Available data:
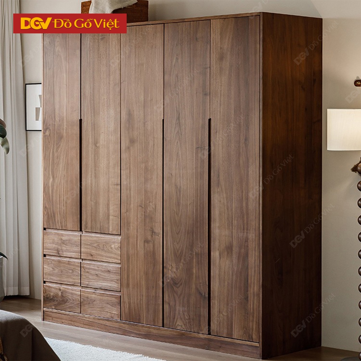 Tủ Quần Áo Gỗ Óc Chó 5 Cánh Rộng Rãi Kèm Ngăn Kéo Ngoài
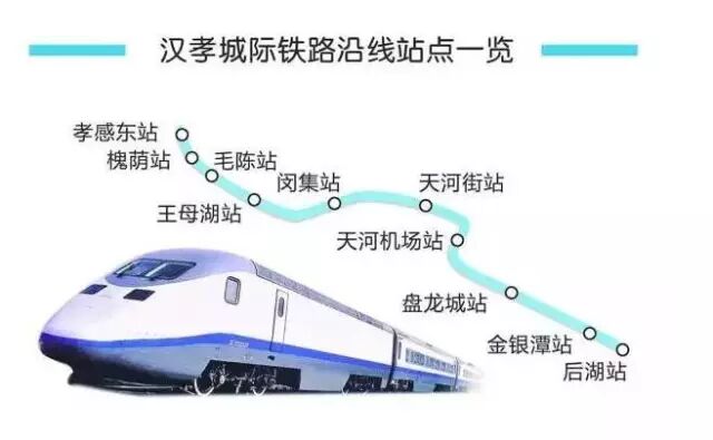 记者在汉口火车站了解到,武孝城际铁路从汉口火车站引出,终到孝感东站,全长61.3公里,设计速度200km/h。开通运营前期,沿途设后湖、金银潭、盘龙城、天河机场、天河街、闵集、毛陈、槐荫、孝感东等9个车站,后期预留王母湖车站,其中天河机场站、孝感东站可以办理列车始发、终到业务。
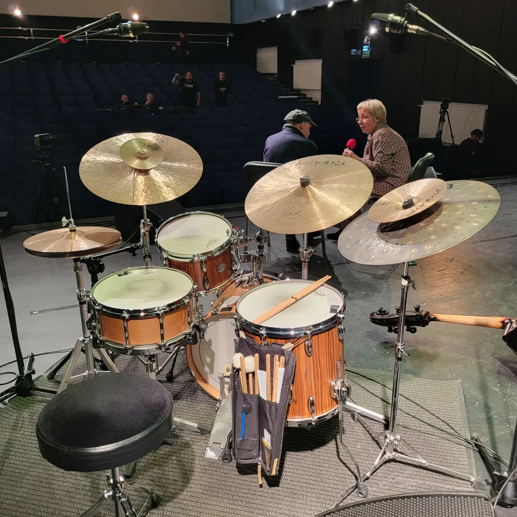 • Przed koncertem na Bydgoszcz Jazz Festival. Na drugim planie – Magda Jasińska rozmawia z Ptaszynem – Bydgoszcz, 1.11.2023
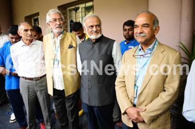Photo Caption : KSCA President Candidate Shanthakumar, Former Indian Cricketer Brijesh Patel and others during the KSCA elections at KSCA, in Bengaluru on Sunday 7th December 2025
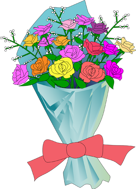 花束やブーケ、リースなど、プレゼントやお祝いごとなどにぴったりな華やかな花のクリップアートです。このページの素材は旧バージョンです。素材数の豊富な
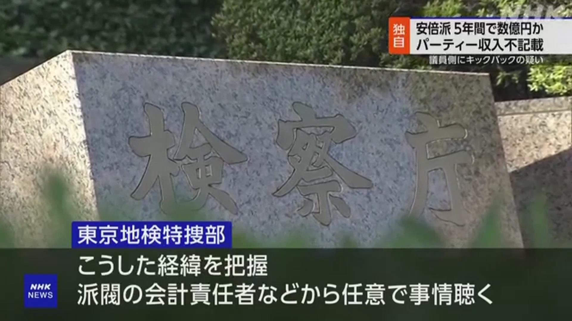 连日来,东京地方检察厅特搜部持续对自民党内最大派系“安倍派”展开调查。“安倍派”正式名称为“清和政策研究会”,曾由前首相安倍晋三领导,目前拥有99名国会议员。这一派系近期被曝未按相关规定记录政治筹款派对券的全部销售收入,“小金库”累计总额达到数亿日元。
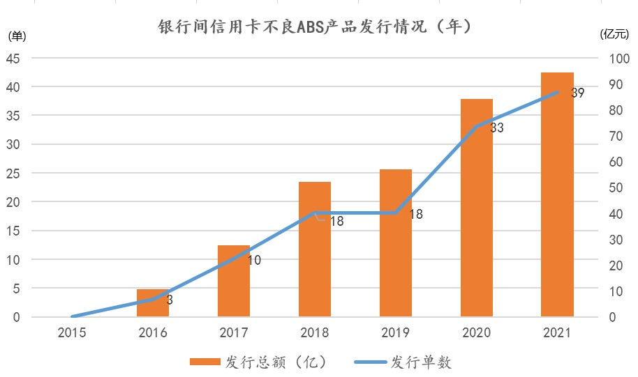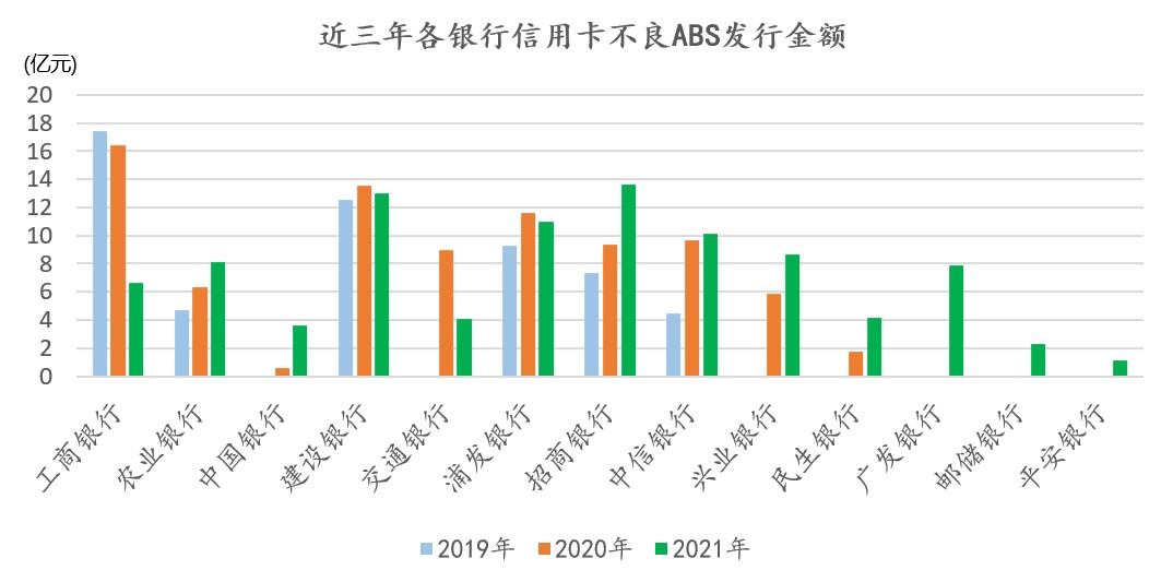 2021年,共13家國有銀行和股份制銀行發行總計39筆信用卡不良資產證券化ABS產品,發行規模為94.22億元,涉及信用卡不良資產約1,133億元,較2020年發行筆數及規模呈增長趨勢。從發起機構來看,新增了郵儲、廣發、平安三家銀行,且三家銀行均為首次發行信用卡類不良ABS產品(廣發銀行曾在銀登中心發過信用卡不良收益權轉讓公告,在銀行間市場發行信用類不良ABS則為首次);從發行規模來看,較2020年發行的84億元同比增長12%,相應的不良資產原始債權規模增長3.3%。整體來看,近幾年來各銀行利用資產證券化方式進行信用卡不良資產處置的模式已經非常成熟,預計隨著個貸不良貸款批量轉讓試點工作的推進,這兩種模式將會充分發揮拓寬金融業不良資產處置渠道,加強不良資產處置力度的作用。未來可重點關注不同發起機構、不同逾期賬齡條件下,信用卡不良ABS產品在存續期的基礎資產回款表現,為不良資產投資決策積累參考依據。
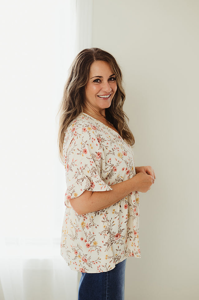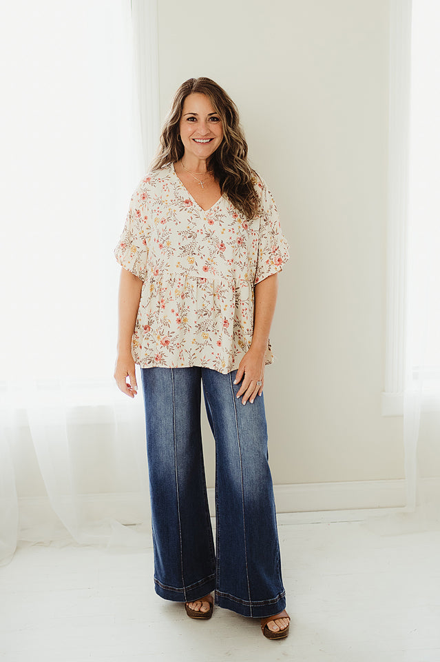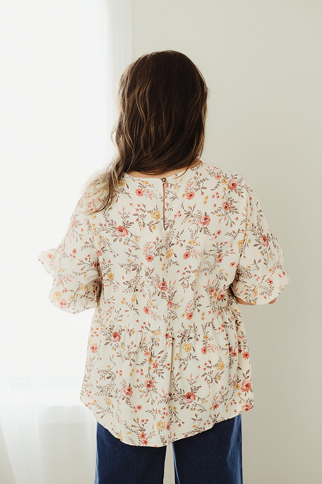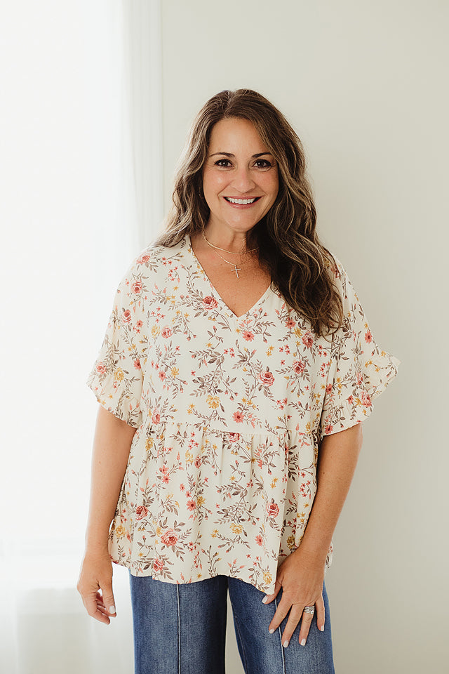 Brighten your wardrobe with this delicate floral Blossom Keyhole Blouse, crafted from lightweight woven fabric. Featuring a flattering V-neck and a keyhole back with a button closure, it combines feminine details with effortless style. Dolman sleeves with subtle ruffles and a babydoll waistline create a soft, flowy silhouette, while the straight hemline keeps it easy to pair with jeans, skirts, or shorts for a breezy, everyday look.
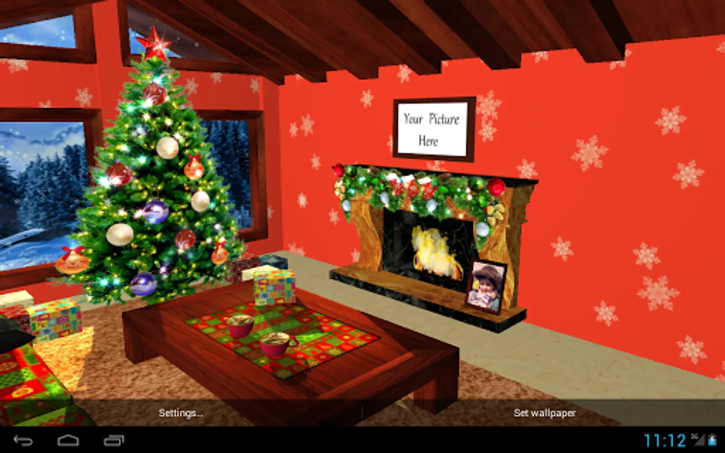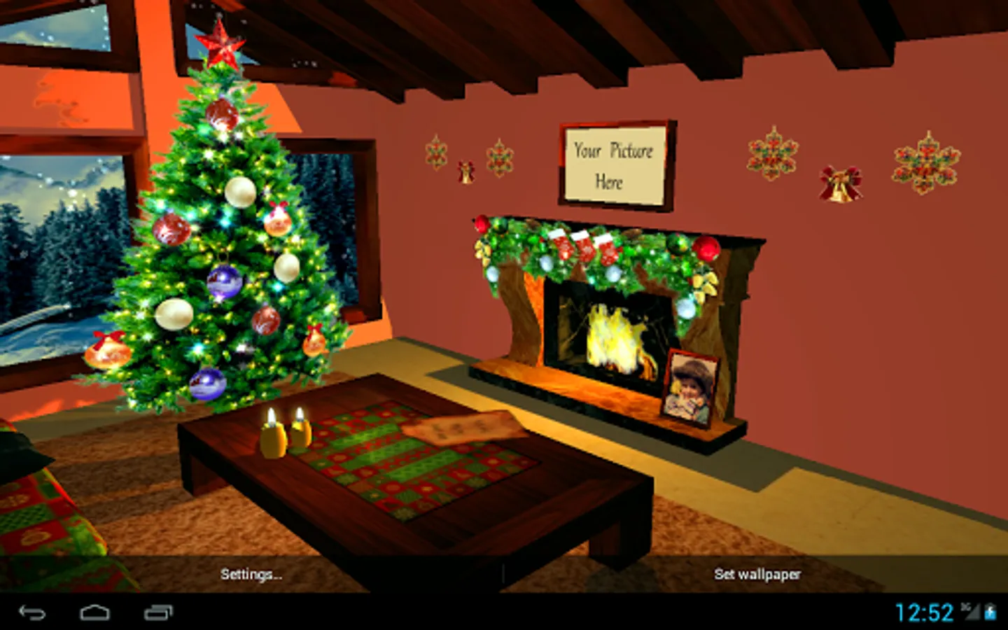 - You can add your photos in two different pictures – on the wall over the christmas fireplace and in front off.

What this task involves:
Transcribe, word for word, the stretch of lines in the data above from the one with "花束やブーケ、リースなど、プ" through the one with "连日来,东京地方检察厅特搜部"; omit all pictures.

Reply:
 花束やブーケ、リースなど、プレゼントやお祝いごとなどにぴったりな華やかな花のクリップアートです。このページの素材は旧バージョンです。素材数の豊富な
 连日来,东京地方检察厅特搜部持续对自民党内最大派系“安倍派”展开调查。“安倍派”正式名称为“清和政策研究会”,曾由前首相安倍晋三领导,目前拥有99名国会议员。这一派系近期被曝未按相关规定记录政治筹款派对券的全部销售收入,“小金库”累计总额达到数亿日元。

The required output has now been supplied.